Methods: We analyzed Canada’s longitudinal National Population Health Survey 1994-2010 (n = 8,570 at baseline), using multilevel growth models to estimate the age trajectory of SRH by cohort, accounting for period and incorporating the influence of changes in education, household income, smoking status, and body mass index (BMI) on SRH over time.
Findings: SRH worsened with increasing age in all cohorts. Cohort differences in SRH were modest (p = 0.034), but there was a significant period effect (p = 0.002).We found marked cohort effects for increasing education, income, and BMI, and decreasing smoking from the youngest to the oldest cohorts, which were much reduced (education and smoking) or removed (income and BMI) once period was taken into account. At the population level, multivariable analysis showed the benefits of increasing education and income and declines in smoking on the trajectory of improving SRH were almost counterbalanced by the effects of increasing BMI (obesity).

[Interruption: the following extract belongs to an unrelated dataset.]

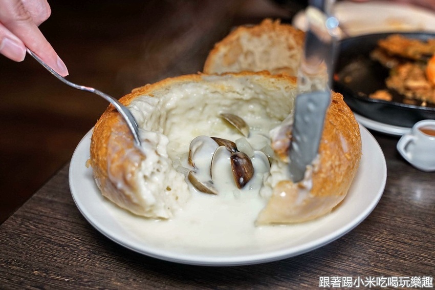 如果人多的話,可以點很招牌的舊金山經典蛤蜊濃湯(180元),超大的法式麵包,且烤得脆脆的喔

Conclusions: We found no evidence to support the expectation that baby boomers will age more or less healthily than previous cohorts did. We also found that increasing BMI has likely undermined improvements in health that might have otherwise occurred, with possible implications for the need for health care. Period effects had a more profound effect than birth cohort effects. This suggests that interventions to improve health, such as reducing obesity, can be targeted to the entire, or a major portion of the, population and need not single out particular birth cohorts.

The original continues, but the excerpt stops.